Section 5.11. Bulk Sales; Margin Regulations. No transaction contemplated hereby will become subject to avoidance under any bulk sales act or similar law. Such Originator is not engaged, and will not engage, principally or as one of its important activities, in the business of purchasing or carrying margin stock (within the meaning of Regulation U issued by the Federal Reserve Board), or extending credit for the purpose of purchasing or carrying margin stock.

Section 5.12. Nature of Receivables. Each Receivable sold or contributed hereunder by such Originator and included in the calculation of Net Receivables Pool Balance is, on the date of such sale, contribution or calculation, an Eligible Receivable.

Section 5.13. [Reserved]

Section 5.14. Taxes. Except as could not, either individually or in the aggregate, reasonably be expected to result in an Originator Material Adverse Effect, such Originator and each Restricted Subsidiary thereof have filed all federal, state and other Tax returns and reports required to be filed, and have paid all federal, state and other Taxes, assessments, fees and other governmental charges levied or imposed upon them or their properties, income or assets otherwise due and payable, except those which are being contested in good faith by appropriate proceedings diligently conducted and for which adequate reserves have been provided in accordance with GAAP. There is no proposed Tax assessment against such Originator or any Restricted Subsidiary thereof that would, if made, have an Originator Material Adverse Effect.

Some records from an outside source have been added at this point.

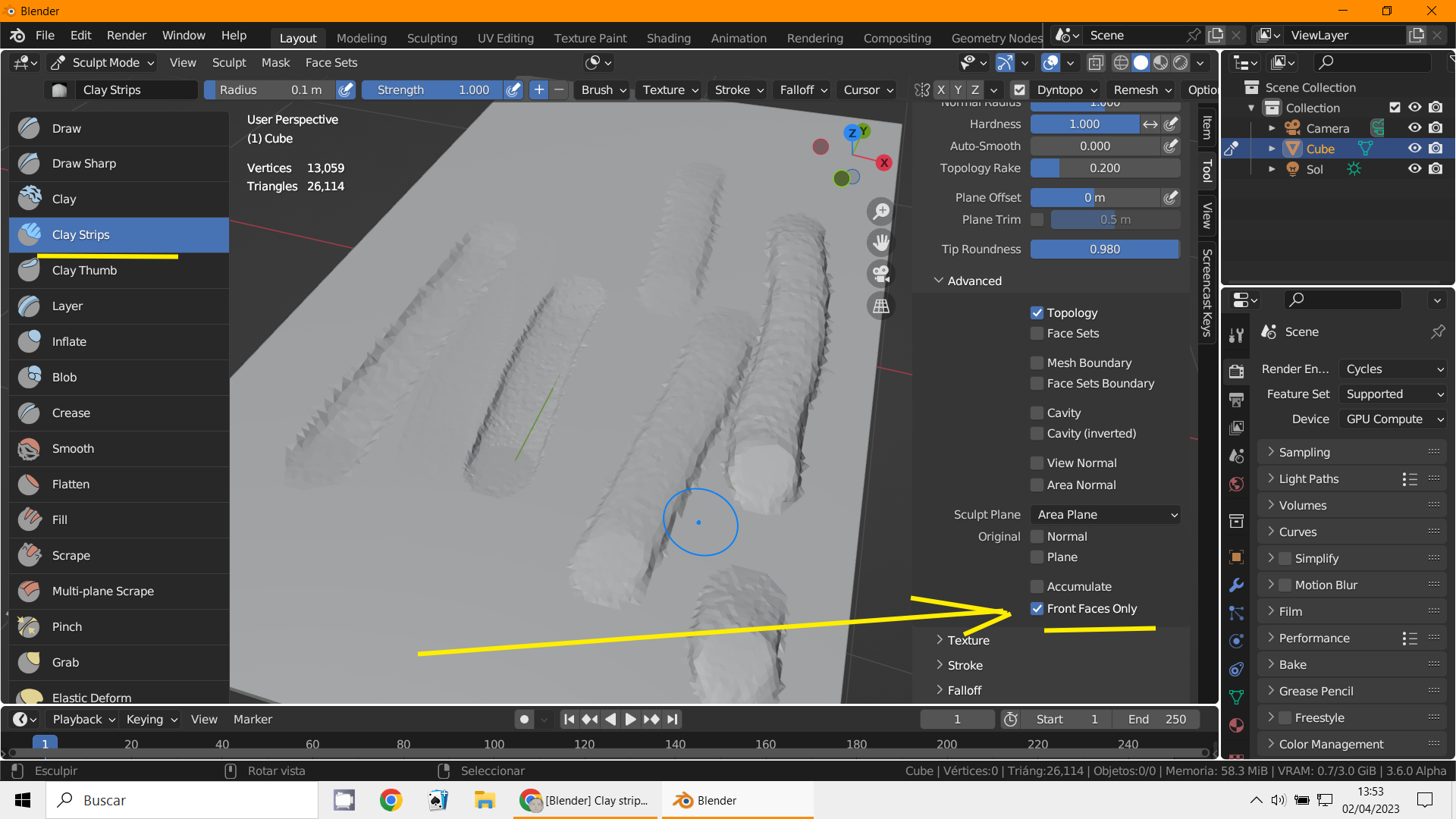 Blender 3.4.1 se deba a un ajuste en la herramienta Clay Strips. Para solucionarlo, te sugiero que pruebes lo siguiente: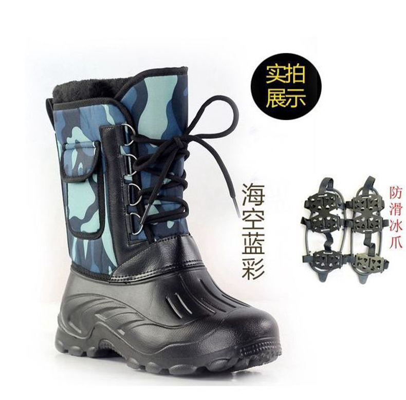 【滑り止め氷爪を含む】冬の屋外にベルベットをつけて防水を厚くする高組迷彩労働保護靴男性防水雪地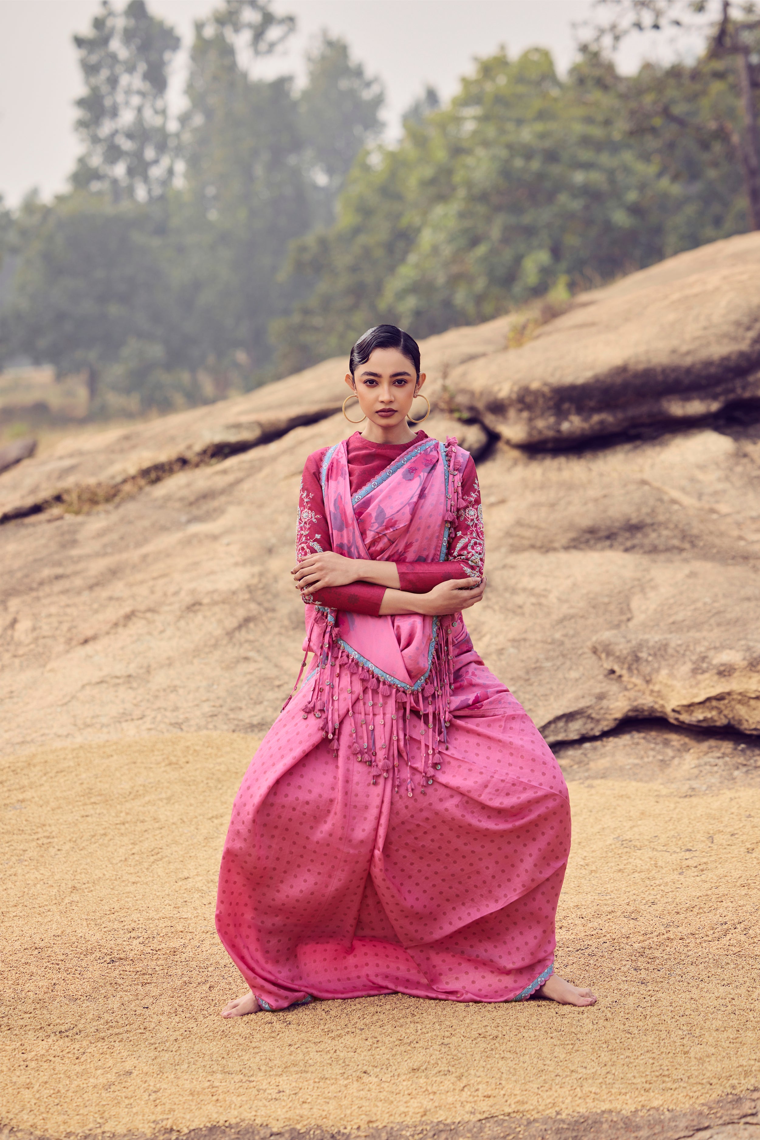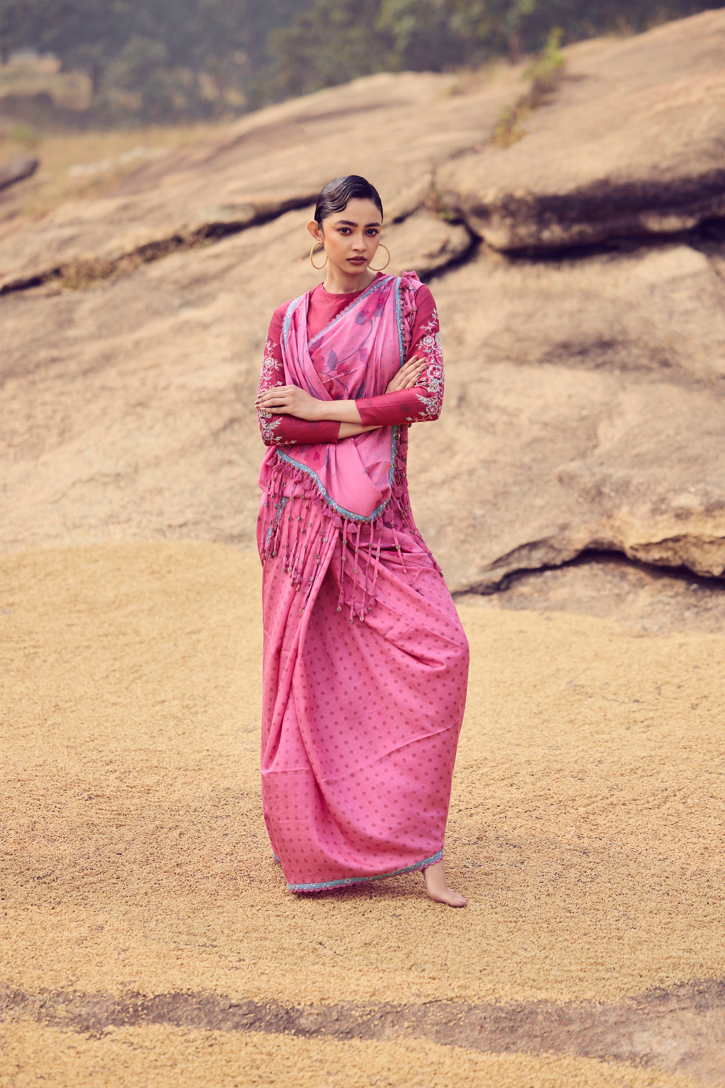 Warm as a twilight blush, this salmon pink handwoven mulberry silk saree is adorned with delicate hand printing and finished with soft fringe detailing along the pallu. Paired with a finely embroidered blouse, the drape flows with effortless grace and refined femininity.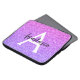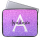 Glitter roxo feminino e glam ombre brilha o nome do monograma e a capa inicial do computador. Personalize com seu nome personalizado em preto e seu monograma inicial em branco. Você pode alterar a cor do texto, o estilo e o tamanho da fonte usando a opção personalizar.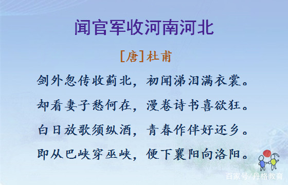 剑门外忽传收复蓟北的喜讯,刚听到这件事时我禁不住泪水洒满了衣衫。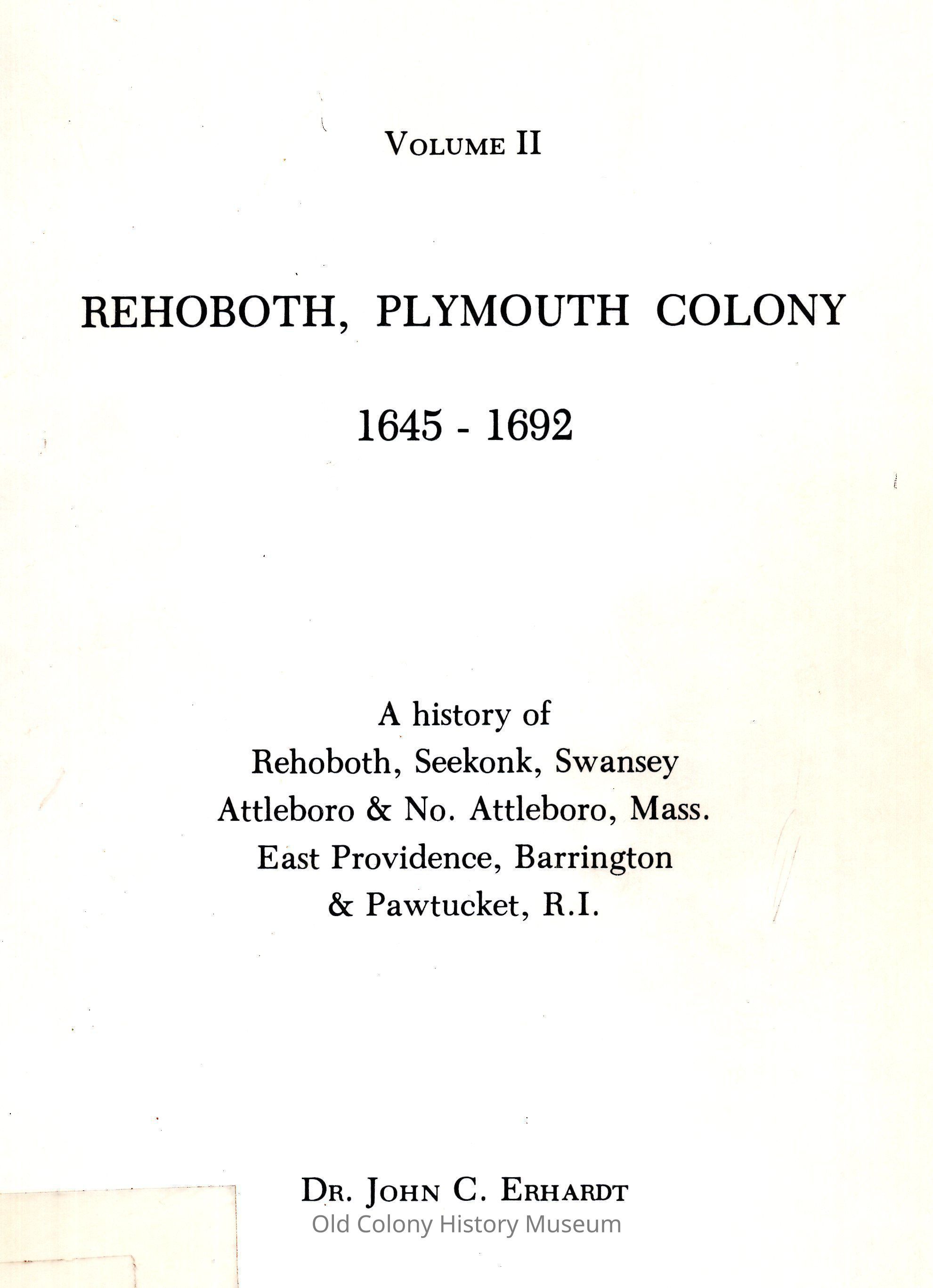 Rehoboth, Plymouth Colony 1645-1692: Volume 2: a History of Rehoboth, Seekonk, Swansey, Attleboro and North Attleboro, Mass., East Providence, Barrington and Pawtucket, R.I.Entry/Object ID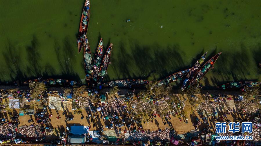 星云湖畔的老河咀魚市熱鬧非凡(12月25日無人機拍攝)。新華社記者胡超攝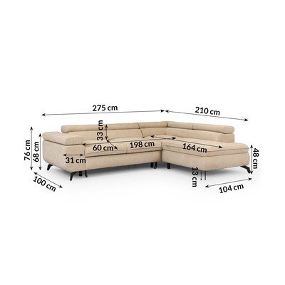 No šenila auduma, regulējams/salokāms/ar uzglabāšanas vietu, ar labo stūri/L veida, bēšs, mājdzīvniekiem piemērots/pret traipiem noturīgs, četrvietīgs, platums 275 cm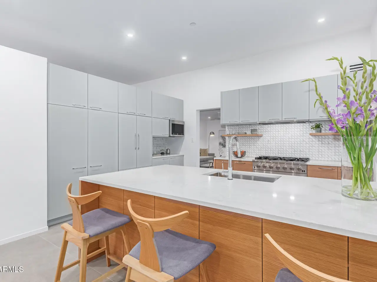 Experience modern luxury in this newly constructed contemporary masterpiece located near Old Town Scottsdale. Custom designed with high-end finishes throughout, this home offers the ultimate in sophisticated living. The heart of the home is a chef's dream kitchen featuring Fisher and Paykel appliances, perfect for culinary enthusiasts and entertainers alike. Upstairs, the primary suite exudes comfort and elegance, while an entertaining loft boasts stunning mountain views and opens onto a second-story deck through expansive glass doors. On the first floor, a second en suite guest room provides privacy and comfort for visitors. The backyard is a sanctuary with a Thermador swim spa, ideal for relaxation and fitness. Located on residential frontage Rd, NOT 64th St proper.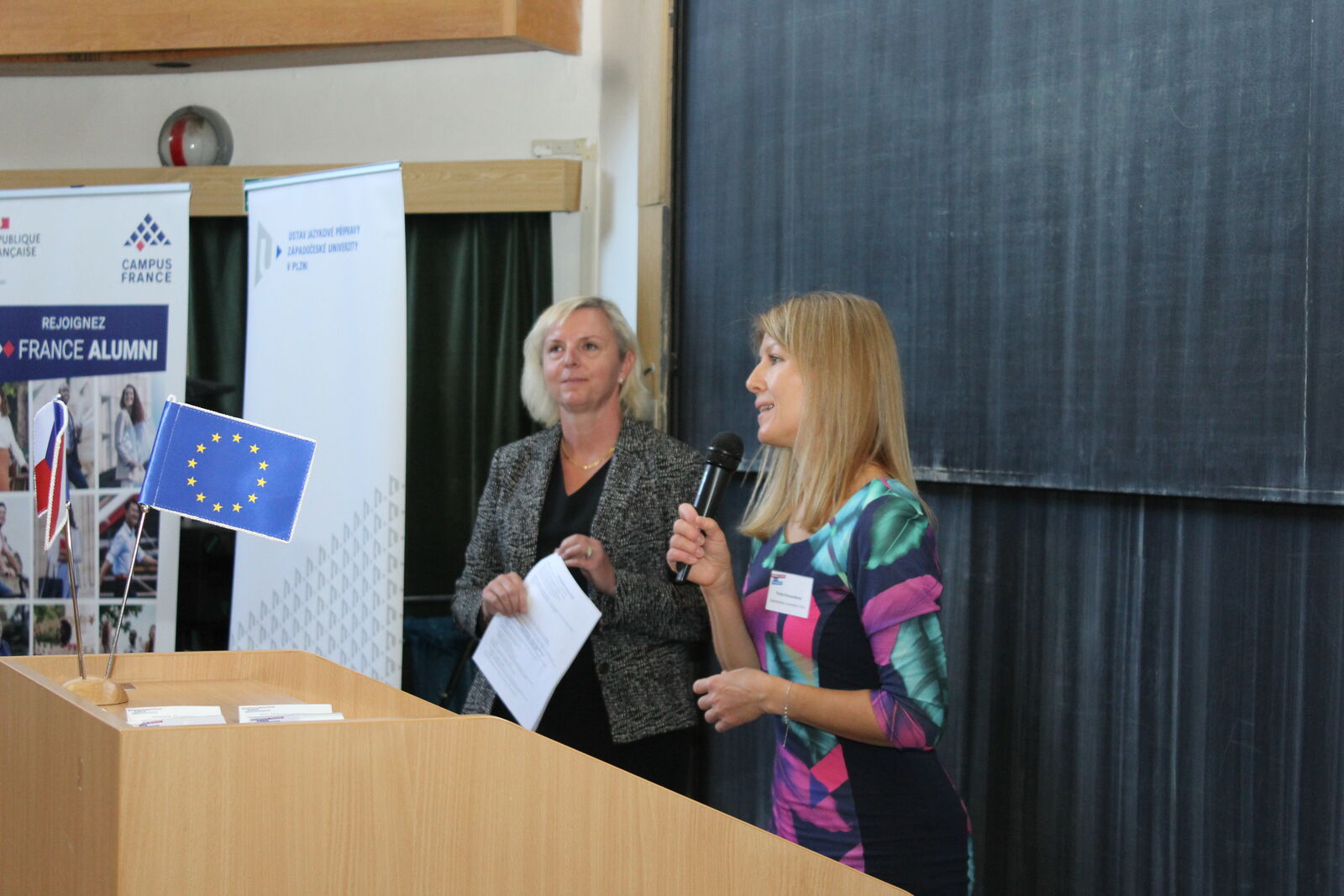 O své zkušenosti se studijním pobytem ve Francii se s posluchači podělily absolventky programu pro studenty a studentky středních škol „Un an en France“ a „Erasmus+“. Následovala prezentace proděkanky FF Heleny Horové a Pavly Kocourkové z Ústavu jazykové přípravy o francouzštině a o jejím využití v praxi a Jana Kozlová, ředitelka Francouzské aliance v Plzni, představila aktivity této instituce. Hana Delalande z Masarykovy univerzity seznámila posluchače se svým projektem Interaktivní mapa francouzštiny.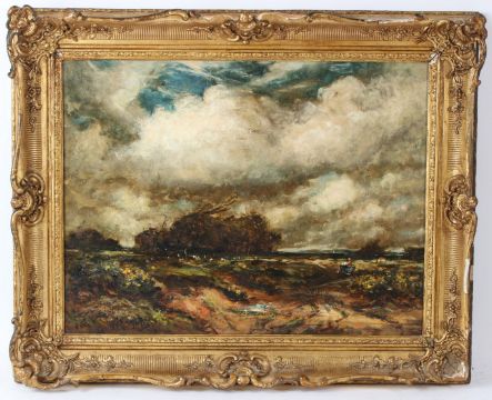 THOMAS WILLIAM MORLEY (1859-1925) Landscape with track and figure in a cart oil on canvas signed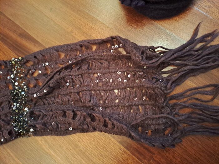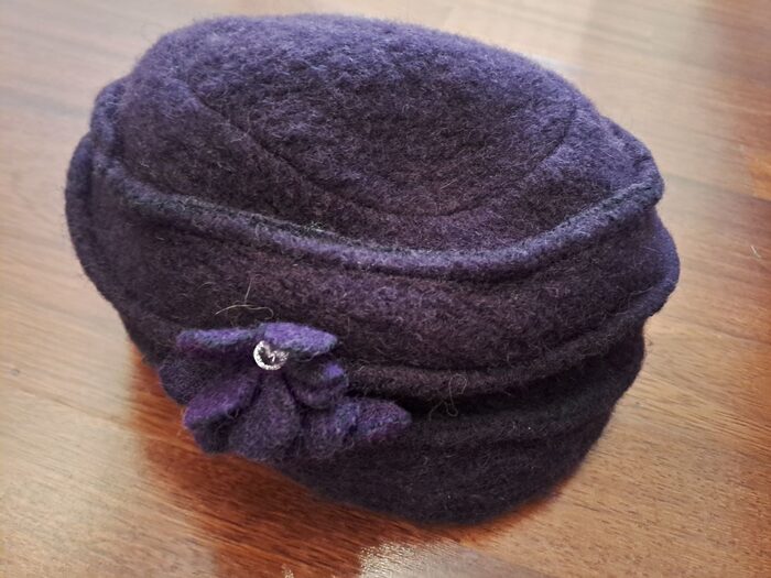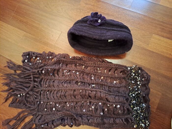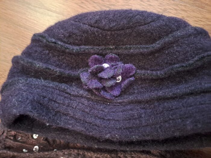 Cappello in lana cotta con fiore color viola scuro Sciarpa in lana con tante applicazioni in strass e paillettes , molto bella , viola scuro .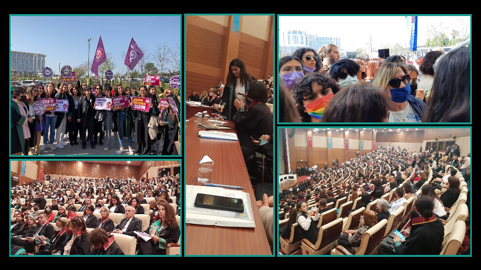 Oya Aydın Göktaş konuştuğu sırada söz alan diğer avukatlar, dışarda kalan kadınların polis müdahalesine maruz kaldıklarını söyledi ve salona alınmalarını istedi. Mahkeme başkanı, "Herkesi buraya alırsak salon çöker" yanıtını verdi. Mahkeme başkanına itiraz eden kadınlar, "Biz dışarı çıkıp arkadaşlarımızı alıp geliyoruz" yanıtını verdi ve çok sayıda avukat dışarı çıktı. Mahkeme başkanı, "50 kurum temsilcisini alabiliriz ama onun dışında alamayız sizin güvenliğiniz de tehlikeye düşer" yanıtını verdi. Bunun üzerine salonda bulunanlar alkışlarla protesto etti. Tepkiler üzerine dışarıda bekleyen tüm kadınlar içeri alındı.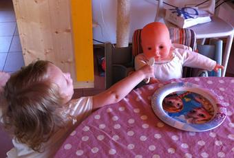 Desde que tiene pocos meses su nonna se empeña en regalarle muñecas… las tenemos de todos los tipos: grandes, pequeñas, duras, blandas, con pelo, sin, incluso tenemos una barbie! ¿No es un poco pronto? Pues si… pero la nonna tiene tantas ganas de que juegue con muñecas que no descarta ninguna posibilidad. Parece, que después de 20 meses, la piccola empieza a hacer caso a sus muñecas!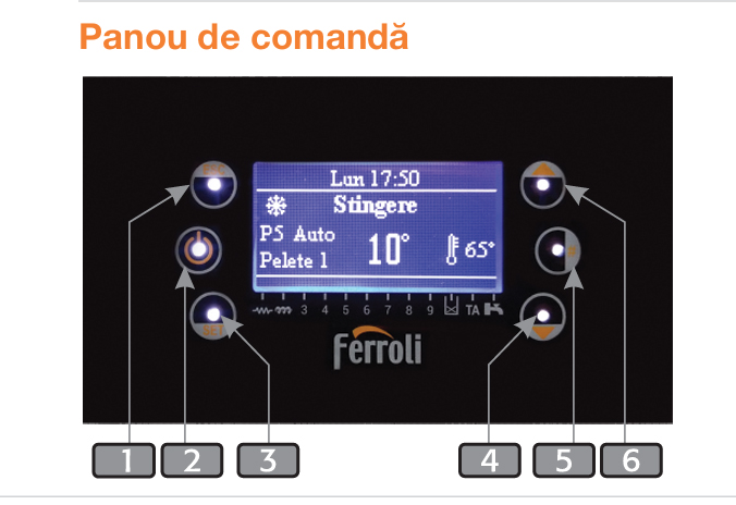 Pornire/oprire, resetarea erorilor (apăsare timp de 3 secunde) activarea/dezactivare programare orară;
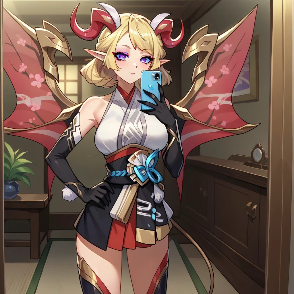 verakmn, purple eyes, eyeshadow, blonde hair, short hair, demon horns, pointy ears, bare shoulders, wings, tail, japanese clothes, kimono, obi, detached sleeves, black gloves, elbow gloves, black thighhighs, sandals

Section 5.15. Compliance with Applicable Laws. Such Originator and each Restricted Subsidiary thereof are in compliance in all material respects with the requirements of all Laws (except for Environmental Laws that are the subject of Section 5.09 of the Credit Agreement, federal and state income tax Laws that are the subject of Section 5.11 of the Credit Agreement and ERISA that is the subject of Section 5.12 of the Credit Agreement) and all orders, writs, injunctions and decrees applicable to it or to its respective properties, except in such instances in which (a) such requirement of Law or order, writ, injunction or decree is being contested in good faith by appropriate proceedings diligently conducted or (b) the failure to comply therewith, either individually or in the aggregate, could not reasonably be expected to have a an Originator Material Adverse Effect.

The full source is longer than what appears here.